Tuesday, May 21, 2013

Dodge Those Purple Splotch Bombs

Driving home from work one day, I noticed a hint of a new hue--a titch of red, emerging in the trees that line Big Creek along Old Forty. I slowed to get a better view, and after peering closely, saw scarlet fruit emerging on the many mulberry trees that dot our landscape.  My first thought was it seems a bit early for the mulberries to ripen. My next thought was oh no.  It’s purple splotch bomb time.

Not only do insects like those luscious berries, but birds do too, with decidedly undesirable results. Everywhere I look during mulberry season, I see purple splotches splattering cars, lawn furniture, windows, porches, the dog’s back, and on infrequent occasions, a human head! Based on their splatter techniques, some might think Jackson Pollock took art lessons from mulberry fed blue jays.

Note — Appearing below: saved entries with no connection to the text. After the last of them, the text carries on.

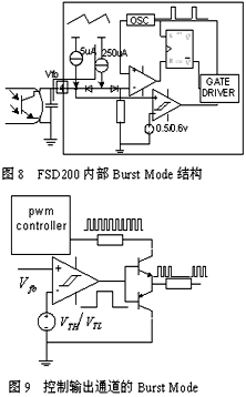 而FSD200則是通過(guò)控制內(nèi)部驅(qū)動(dòng)器實(shí)現(xiàn)可控脈沖模式,即將Vfo 腳的反饋電壓與0.6V/0.5V遲滯比較器比較,由比較結(jié)果控制門(mén)極驅(qū)動(dòng)輸出,其結(jié)構(gòu)可見(jiàn)圖8。我們可根據(jù)此原理用分立元件實(shí)現(xiàn)普通芯片的BurstMode功能,即檢測(cè)次級(jí)電壓判斷電源是否處于待機(jī)狀態(tài),通過(guò)遲滯比較器,控制芯片輸出,電路如圖9所示。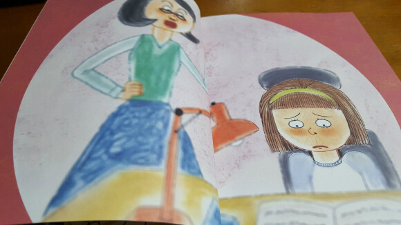윤지수도 학교에서와는 달리 울고 있습니다. 수학시험에서 겨우 3개 틀렸다고 엄마한테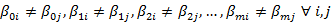 para todo i, frente a la hipótesis alternativa de que para todo i. Por tanto, mientras que bajo la hipótesis alternativa la primera asume un valor común para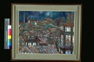 Notturno sulle ciminiere. Veduta cittadina di notte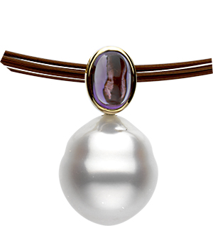 South Sea Cultured Circle Pearl & Genuine Amethyst Pendant | 7 x 5 mm / 11 mm Circle. Available in 14K Yellow Gold or 14K White Gold. Set with 1ea 07.00x05.00 MM AA Cab, Genuine Amethyst - Oval Cab; AA Quality & 1ea 11.00 MM Fine Undrilled, Cultured Pearl South Sea - Circle Undrilled Paspaley South Sea; Fine Quality; White. Chain/cord sold separately CH732. Ref. complete Necklace 69179.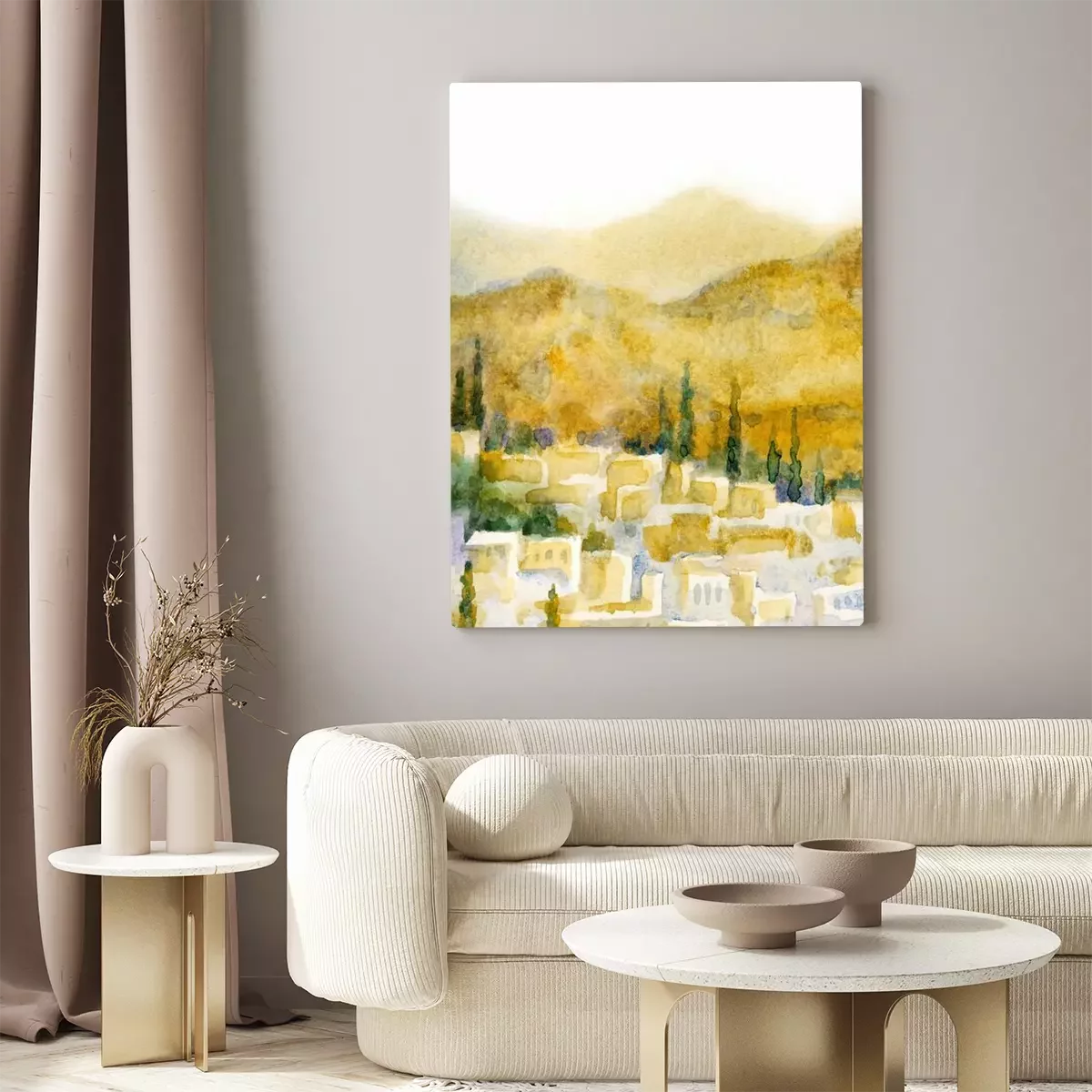 Tableau : Watercolor landscape. Old city in a valley between the mountains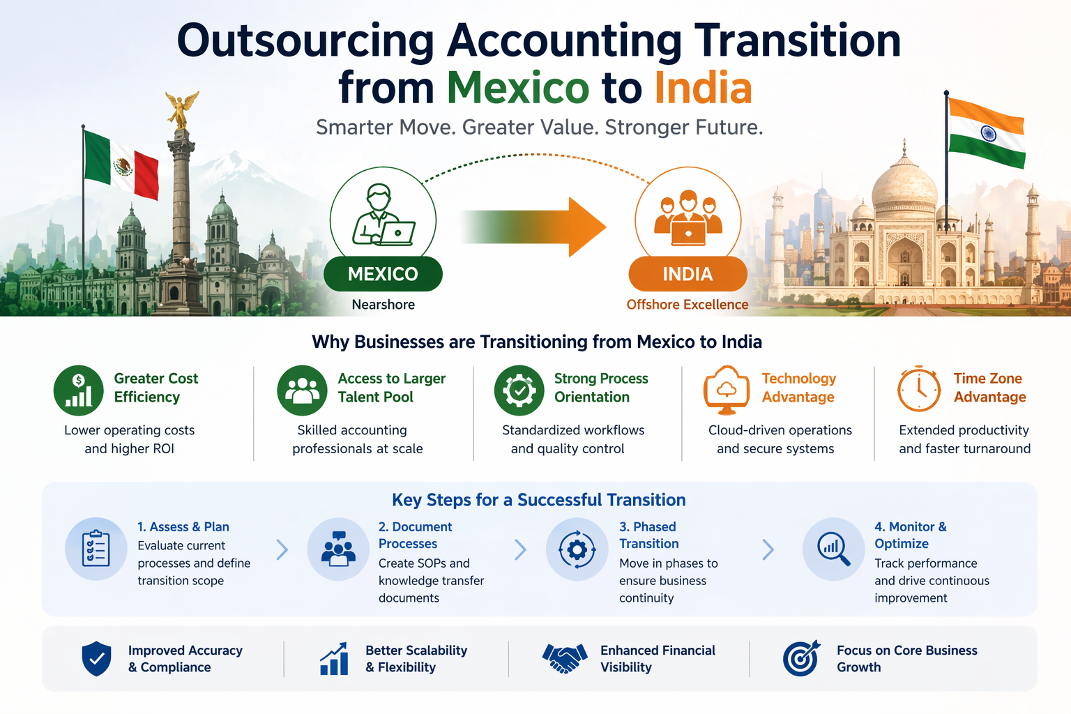Outsourcing accounting transition from Mexico to India is becoming a strategic move for companies seeking efficiency, scalability, and cost optimization. With its strong talent pool, structured processes, and technology-driven approach, India offers a reliable solution for managing global accounting operations.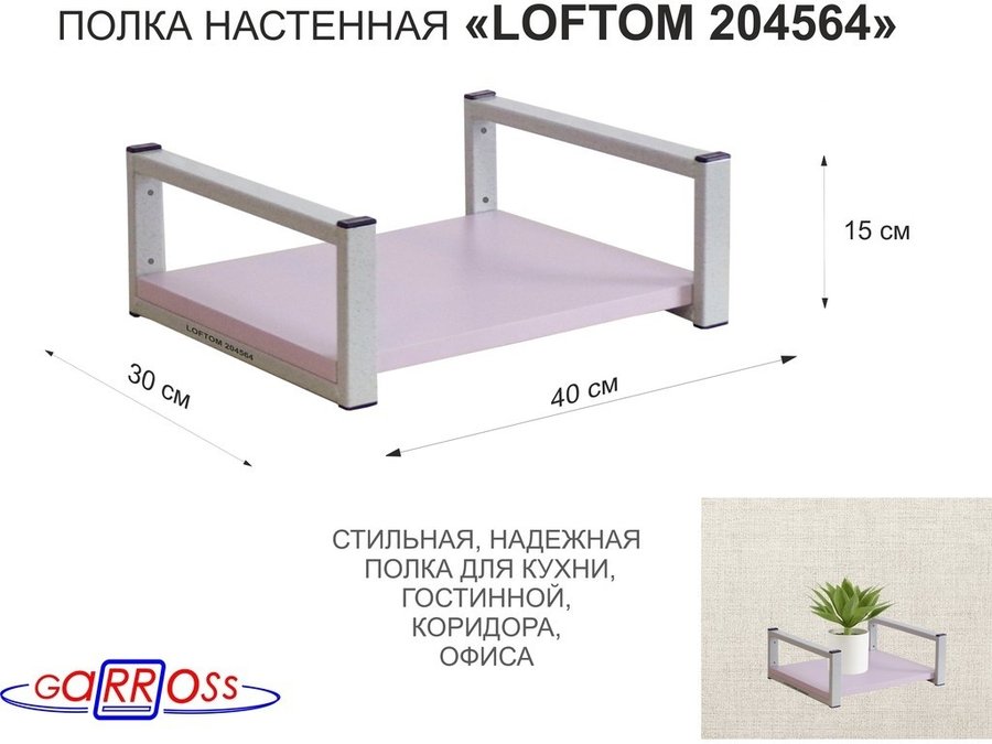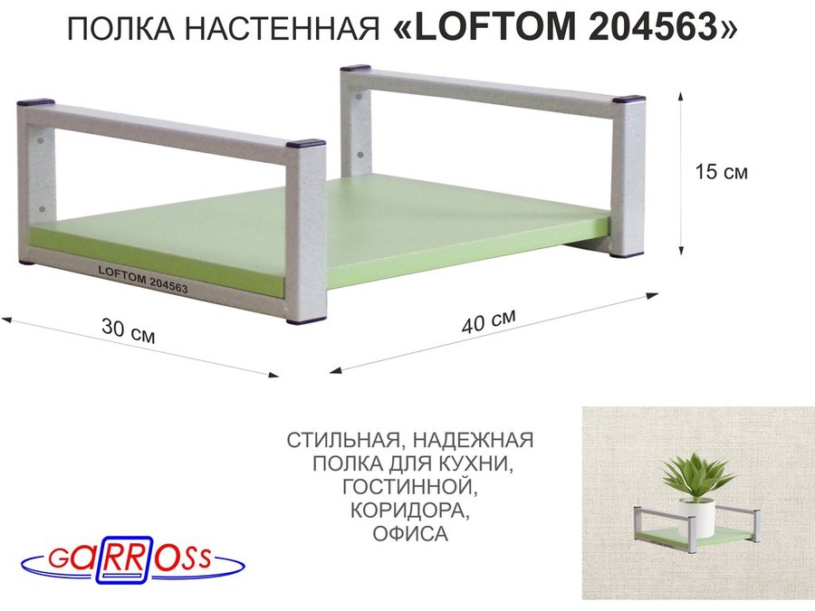 В корзину Купить в 1 клик Полка для цветов 15см "LOFTOM 204563" крепление к стене, размер 30х40см, серый/салатовый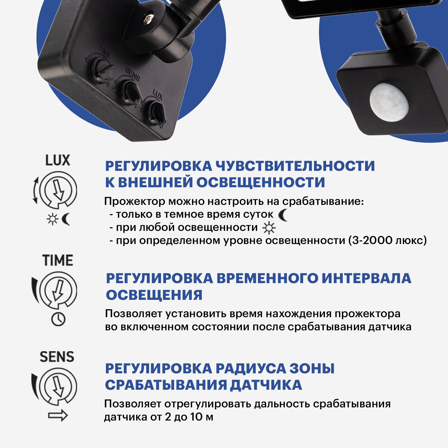 Прожектор светодиодный с датчиком движения 50 Вт 200260В IP44 4000 лм 6500 K холодный свет Rexant 6 .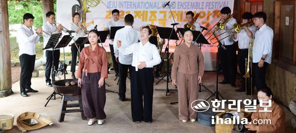 2021 제주국제관악제 프로그램으로 12일 제주돌문화공원에서 '우리동네 관악제'가 열린 가운데 젊은 관악 연주자들로 구성된 브라스피플의 연주에 맞춰 제주농요보존회 회원들이 제주민요를 부르고 있다. 지난 8일 개막한 제주국제관악제는 광복절인 15일 개최되는 경축음악회를 끝으로 여름 시즌의 막을 내린다. 이상국기자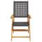 Chaises de jardin lot de 2 noir bois massif d'acacia et rotinDétendez-vous et profitez de l'extérieur dans ces confortables chaises de jardin ! Robuste et stable : le bois d'acacia massif est connu pour sa solidité et sa durabilité. Ses couleurs variées et ses grains uniques lui confèrent un aspect attrayant. Sa stabilité et sa résistance aux intempéries en font un matériau idéal pour la fabrication de meubles d'intérieur et d'extérieur. Matériau durable : la résine tressée, également connue sous le nom de poly rotin, est un matériau synthétique solide et nécessitant peu d'entretien qui ressemble au rotin naturel. Il est léger, facile à nettoyer et couramment utilisé pour les meubles d'extérieur en raison de sa durabilité et de ses propriétés de résistance aux intempéries. Fonction d'inclinaison : le siège de jardin est spécialement conçu avec une fonction d'inclinaison afin que vous puissiez régler le dossier selon votre confort. Facile à transporter et à ranger : la chaise peut être facilement pliée lorsqu'elle n'est pas utilisée, pour un rangement et un transport faciles. Conception pratique : la main courante en bois, pratique et plate, vous permet de poser vos mains dessus tout en profitant d'un moment en plein air. Bon à savoir : Pour que vos meubles d'extérieur restent beaux, nous vous recommandons de les protéger avec une housse imperméable. Maximum 110 kg par siège. ,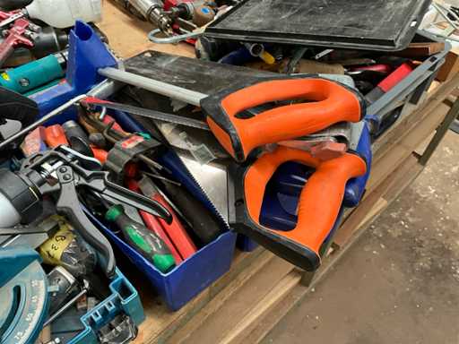 Incluye sierras, martillos, destornilladores, tornillos allen, taladros, escuadra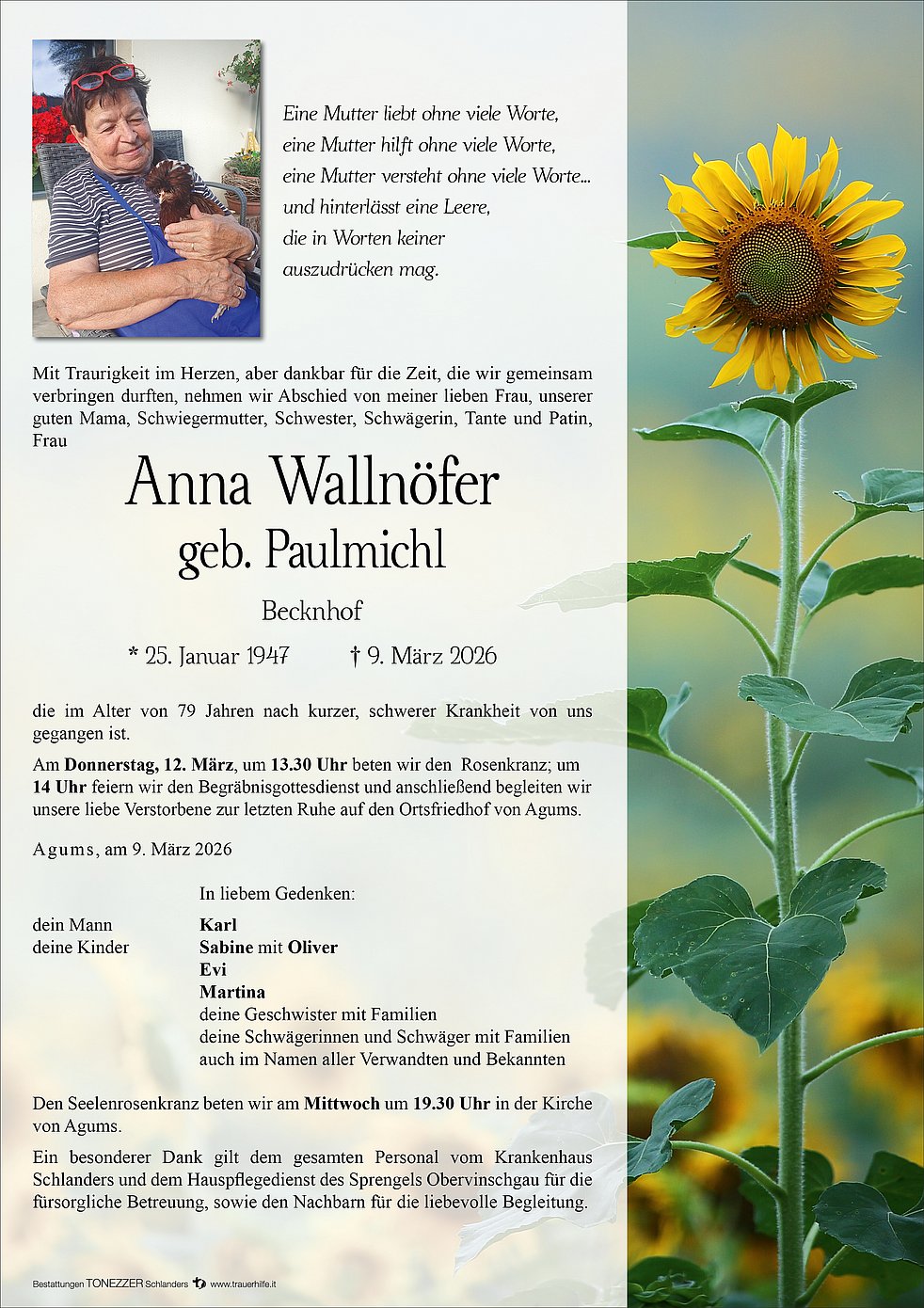Die Mutter zu verlieren ist Schmerz, sie in den Händen unseres Gottes zu wissen, ist Trost.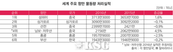 부산항의 세계 5대 항만 입성은 내년을 기약해야 할 것으로 보인다. 부산항은 한진해운 사태 이후 전략적해운제휴그룹(얼라이언스)인 CKYHE얼라이언스가 기항을 사실상 중단하면서, 추가적인 환적 물동량 확보에 실패했다. 상하이항의 세계 1위 질주는 지난해에도 이어졌다. 성장세가 한계에 다다르고 있지만 물동량 처리실적은 7년 연속 세계 1위다. 닝보·저우산항과 선전항은 3위 자리를 두고 격전을 벌이고 있다. 매년 물동량 감소세를 보이고 있는 홍콩항은 12월 막판 뒤집기로 5위 자리를 겨우 유지했다. 세계 5대 컨테이너 항만의 물동량 처리실적은 수요 부진 속에 소폭 늘어나거나 현상 유지에 그쳤다.
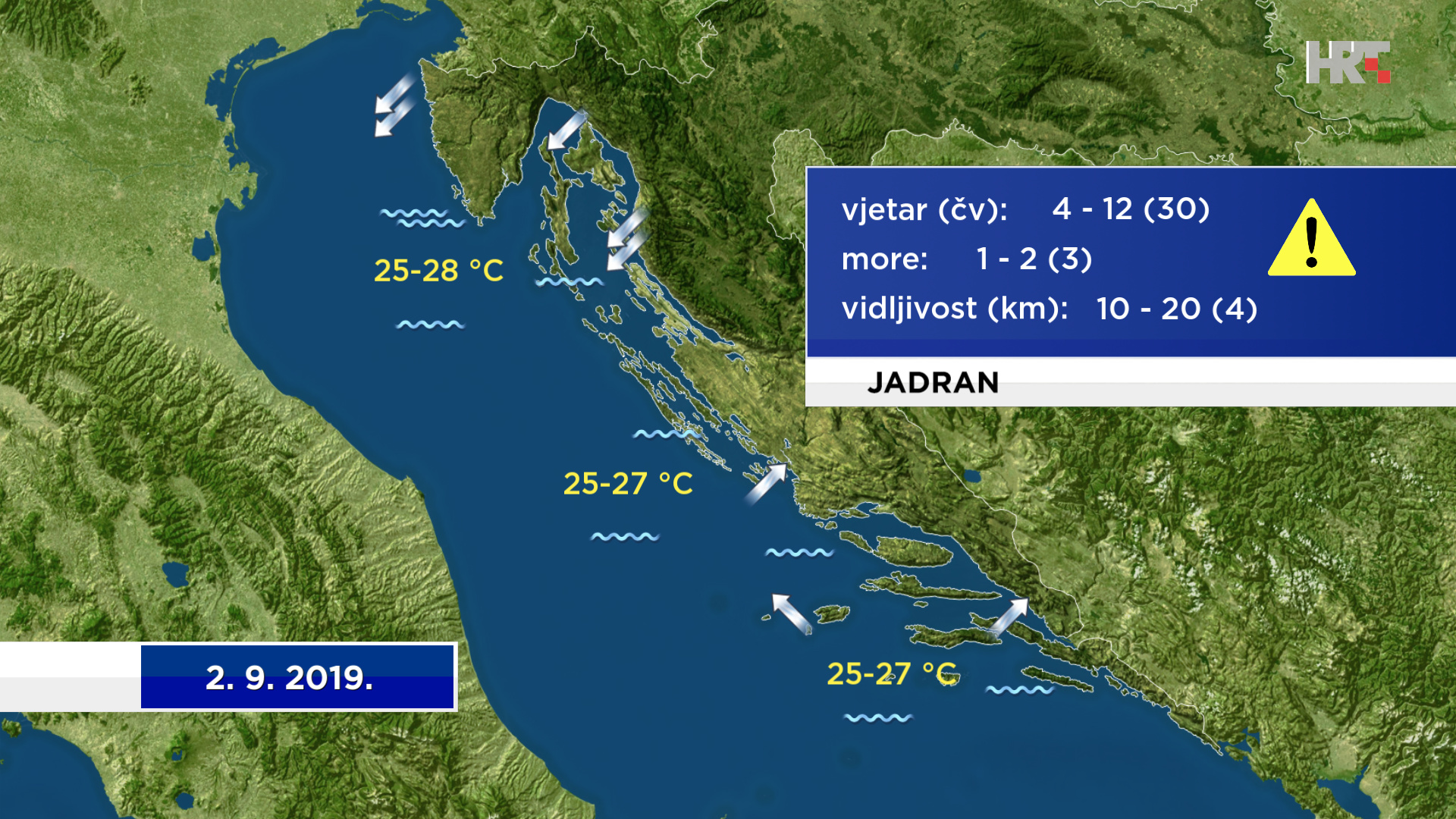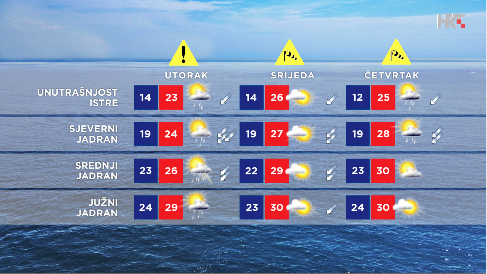 Na srednjem Jadranu djelomice sunčano s promjenljivom naoblakom, a poslijepodne uglavnom u unutrašnjosti Dalmacije i uz poneki pljusak praćen grmljavinom, no bit će vjerojatniji pa i izraženiji u noći na utorak kada će zapuhati jaka, u sjevernoj Dalmaciji i olujna bura. No, veći će dio dana, kao i na krajnjem jugu Hrvatske, vjetar biti slab, uglavnom jugozapadni i jugo pa će i more do večeri biti mirno ili malo valovito. Bit će i dalje vruće, uz najvišu dnevnu temperaturu od 30 do 34 °C."

I know humans studied birds for years to determine how we too might fly. Looking around our place at the results of fruity explosions, I wonder if tactical bombing instructors used these feathered friends’ techniques to learn new bombing strategies. 

The idea of carpet-bombing undoubtedly occurred to some poor military tactician who suffered the misfortune of standing in the wrong place when a flock of birds hastily digested their diets of deep purple fruit during a quick take off. It wouldn’t take long to put two and two together to determine how to dispatch a group of planes loaded with missiles aimed at a common target.

Some brilliant scientist must have modeled stealth bombing after more streamlined birds that swoop in for a morsel and then fly a direct pattern over a specified site. Most recently, that would have been a spot on my car door that we could not avoid touching when we exited and reached to shut the door. It didn’t take long for me to interpret my daughter’s disgusted squalls as she rapidly wiped her hand up and down her pant leg after closing the door. 

This form of attack also comes into play when birds sight in on the human head. No one is safe. Golf courses, picnics, baseball games, and gardens are declared certified bombing ranges.  The human pate in the open offers a clear invitation--Hit me--Hit me--Who can blame the bird? 

Unfortunately for the splatted upon, some birds come with sighting devices that would amaze Pentagon or Chinese military whizzes. One bird’s eye view and that poor skull is done for. Show me the man or woman who can graciously exit a group of bystanders after a fully loaded bird hits ground zero, and I’ll introduce you to the next mediator general of the world.

Be warned!  Beware of mulberry loaded, low flying birds.  Consider them armed and dangerous. For your own protection, wear a hat at all times.